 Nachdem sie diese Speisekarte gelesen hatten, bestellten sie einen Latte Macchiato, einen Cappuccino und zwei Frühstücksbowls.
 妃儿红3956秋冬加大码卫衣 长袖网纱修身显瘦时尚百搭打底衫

____

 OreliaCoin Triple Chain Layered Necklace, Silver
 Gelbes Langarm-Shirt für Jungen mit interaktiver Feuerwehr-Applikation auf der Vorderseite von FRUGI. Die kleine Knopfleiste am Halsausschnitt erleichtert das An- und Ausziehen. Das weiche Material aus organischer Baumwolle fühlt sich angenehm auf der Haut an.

____

**What is being asked**
Set down again, word for word, the stretch of records from the line with "Nachdem sie diese" to the line with "妃儿红3956秋冬加大码卫衣 长袖网纱修身显瘦时尚百搭打底衫", both of those lines included.

**Reply**
 Nachdem sie diese Speisekarte gelesen hatten, bestellten sie einen Latte Macchiato, einen Cappuccino und zwei Frühstücksbowls.
 妃儿红3956秋冬加大码卫衣 长袖网纱修身显瘦时尚百搭打底衫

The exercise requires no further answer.